Foreign Affairs Minister, Shirley Ayorkor Botchwey has implored Ghanaian businesses to take advantage of the Continental Free Trade Area (CFTA) yet-to-be rolled out by the African Union (AU).
She said the Agreement, targeted at creating a single continental market for goods and services, will open up the over one billion African market to Ghanaian businesses.
Speaking to journalists on the sidelines of the 30th Ordinary Session of the AU's Assembly of Heads of State and Governments, the Minister said the CFTA will bolster trade and ensure a "borderless Africa."
“Already the protocol of free movement of goods and services through the Regional Economic Communities (RECs) works very well – the East African Economic Community (EACC) and also the South African Development Community (SADC) works perfectly as well," she said, making a case for uniform trade.
Intra-continental trade in the year 2000 accounted for about 10 percent of Africa’s total trade, and only increased marginally to 11 percent in 2015.
Trading among members of the European Union (EU), for example, amounted to 70 percent in 2015. Intra-African trade is still estimated at less than two percent (2%) of global trade.
To improve trade among countries, Heads of State in Africa signed an agreement to implement the Continental Free Trade Agreement (CFTA), which negotiation started in June 2015.
The CFTA, when implemented, will reduce the continent’s vulnerability to external shocks and expected to enhance the participation of Africa in global trade as a respectable partner.
Ms Ayorkor Botchwey believes the CFTA will wean African countries off foreign aid.

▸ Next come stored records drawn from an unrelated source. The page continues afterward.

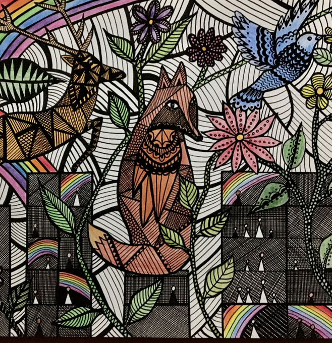 #wednesdaywonder An artwork shared with us by artist Rebecca Brown - people under lockdown in their little boxes,the newfound freedom of nature plus rainbows representing thanks to NHS and key workers. What are you creating during lockdown? We'd love to see... #shareartonline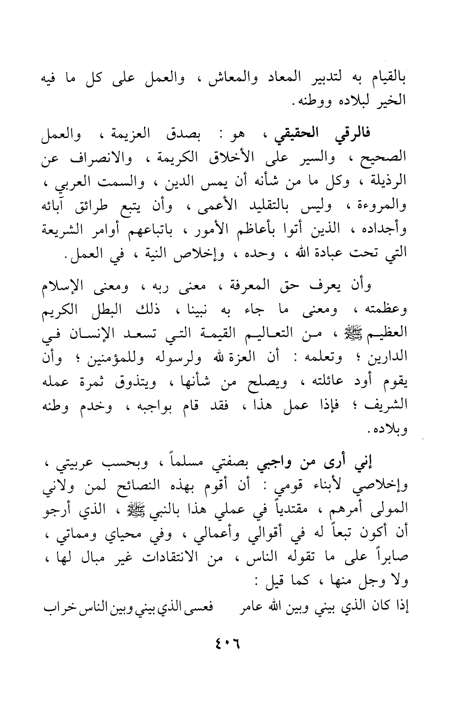 إني أرى من واجبي بصفتي مسلما، وبحسب عربيتي وإخلاصي لأبناء قومي، أن أقوم بهذه النصائح لمن ولاني المولى أمرهم، مقتديا في عملي هذا بالنبي صلى الله عليه وسلم الذي أرجو أن أكون تبعا له في أقوالي وأعمالي، وفي محياي ومماتي، صابرا على ما تقوله الناس من الانتقادات غير مبال لها ولا وجل منها، كما قيل: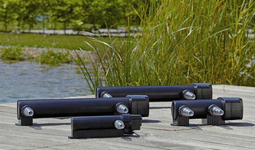 Существенно облегчает уход за прудом УФ-стерилизация воды. Проходя через УФ-стерилизатор, установленный после всех фильтров, прудовая вода избавляется от 99% вирусов и болезнетворных бактерий. При этом полезная микрофлора остается невредимой, поскольку обитает на субстратах, а не в толще воды.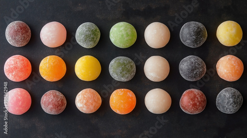 A top-down, flat-lay view of various colored mochi arranged neatly on a dark table background.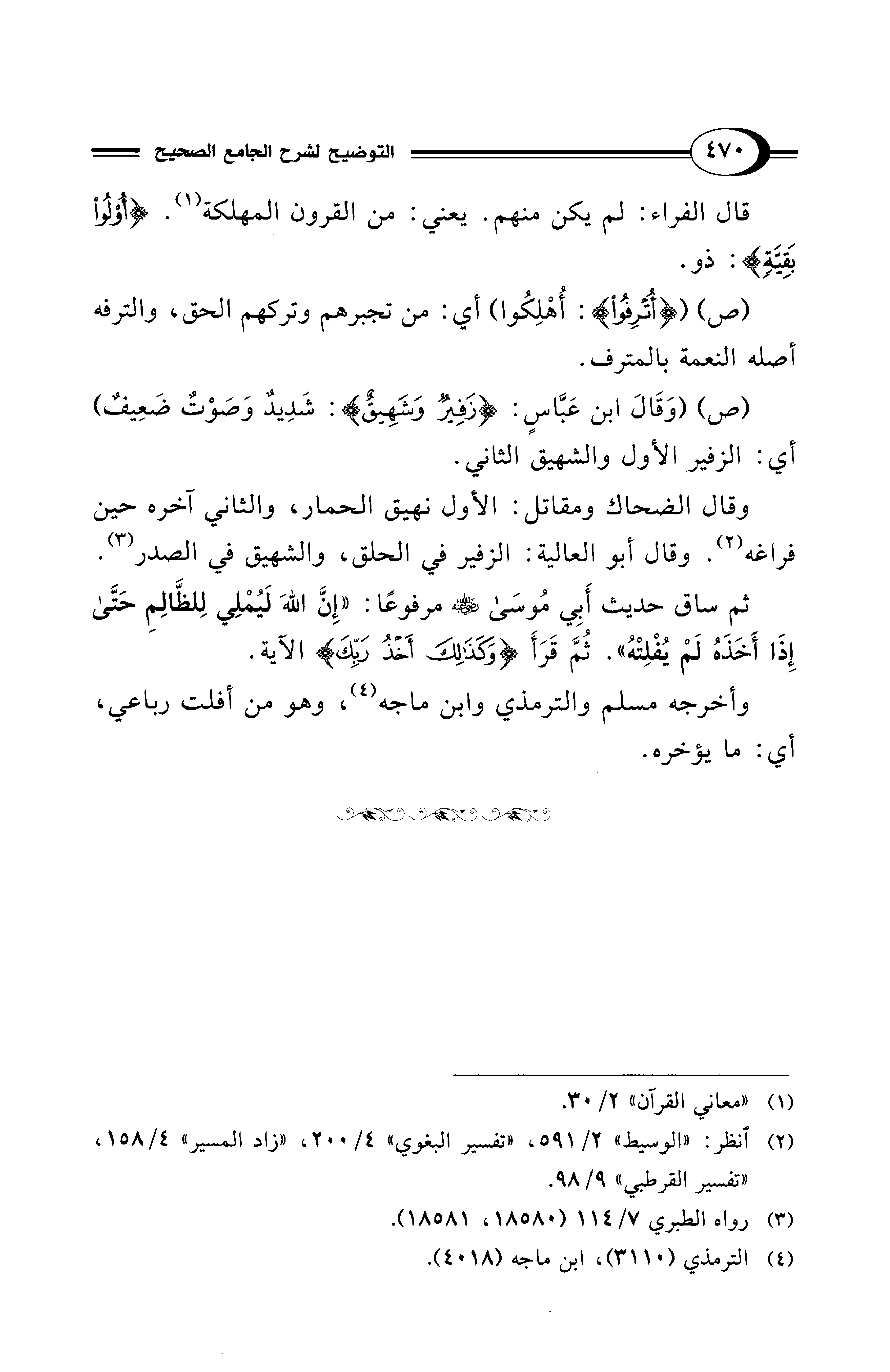 ثم ساق حديث أَبِي مُوسَى - رضي الله عنه - مرفوعًا: "إِنَّ اللهَ لَيُمْلِي لِلظَّالِمِ حَتَّى إِذَا أَخَذَهُ لَمْ يُفْلِتْهُ". ثُمَّ قَرَأَ {وَكَذَلِكَ أَخْذُ رَبِّكَ} الآية.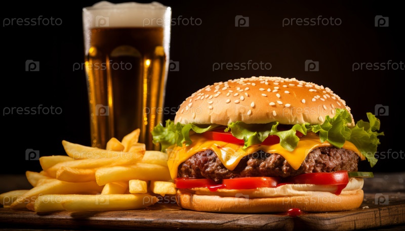 Вкусный бургер, хрустящая картошка фри, пикантный кетчуп и пиво — идеальное сочетание для любителей еды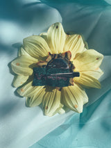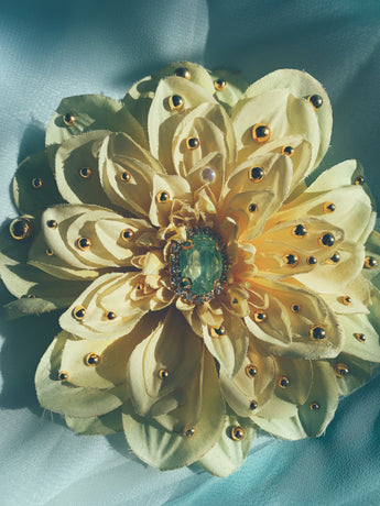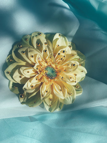 Beautiful yellow chrysanthemum embellished with gold gems and a green iridescent central gem. Can be work as a brooch or a hair clip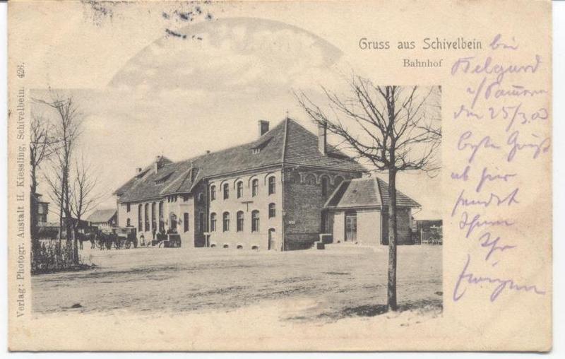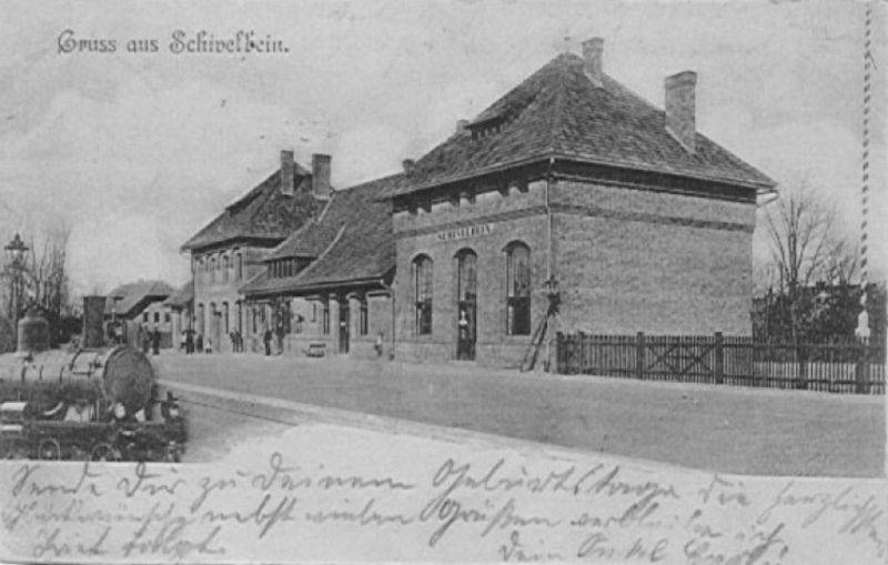 Dworzec Schivelbein. Zdjęcie udostępnine przez kol Klausa Klitzke. Dworzec od strony miasta.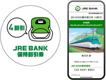 割引券1枚でJR東日本営業路線内の片道運賃および片道料金を4割引でご提供します。JRE BANKの概要やご利用特典につきましては、JRE BANKウェブサイトをご覧ください。
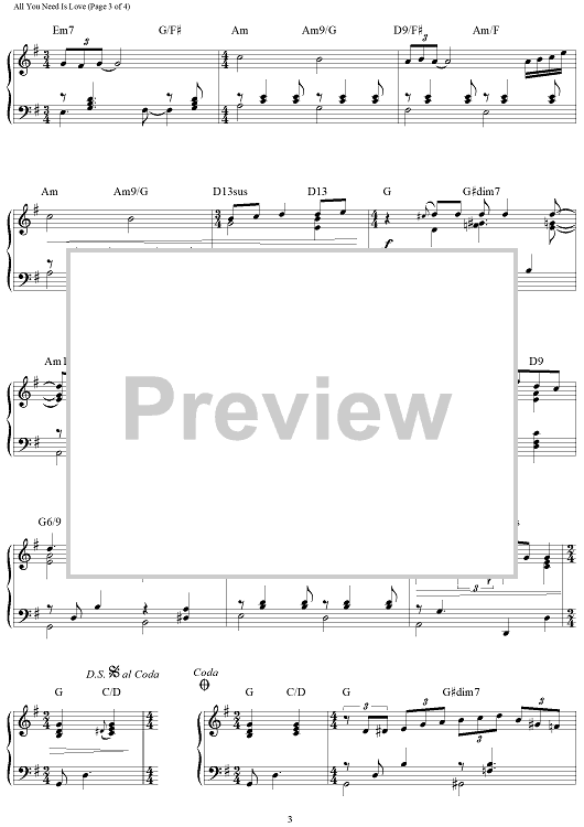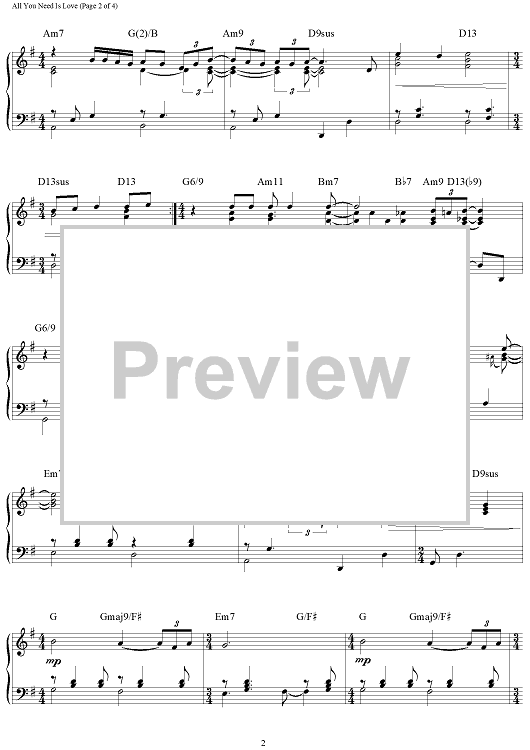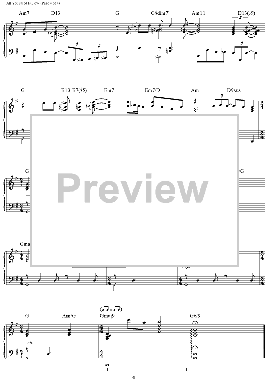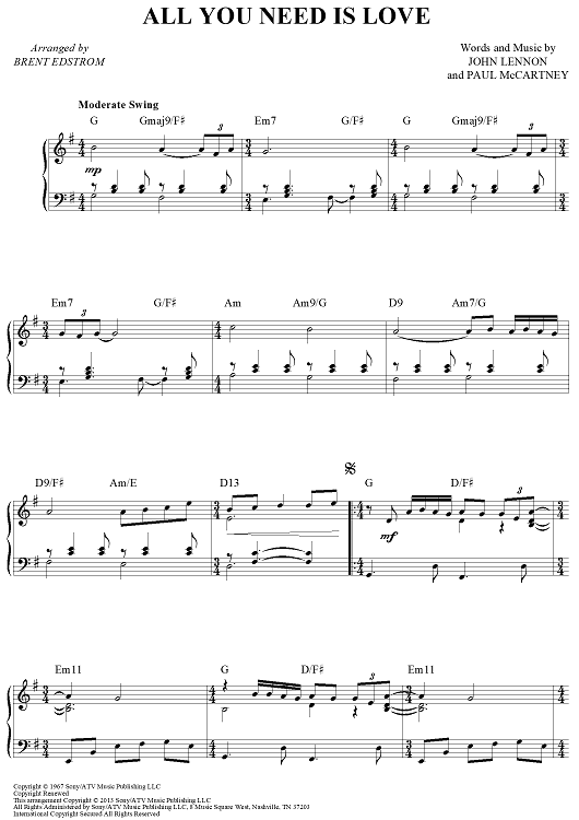 Digital Sheet Music for All You Need Is Love by Paul McCartney, The Beatles, John Lennon, Brent Edstrom scored for Piano Solo; id:460205

“So now the thing is for us to bring it together and to ensure that if we produce goods in Ghana, our market should not be the 27 million [people], our market should be first of all be the ECOWAS market, which is over 300 million and by extension the over one billion for Ghana,” she said.
To achieve this, she said there is the need to "harmonise our tax regimes and imports across the continent."
Already, new AU Chairman, Rwanda’s Paul Kagame is projecting the removal of all barriers to continental trade within the next five to 10 years.
Mr Kagame has lauded the various regional blocs for implementing their various protocol on the movement of people, goods and services, charging them to support the CFTA.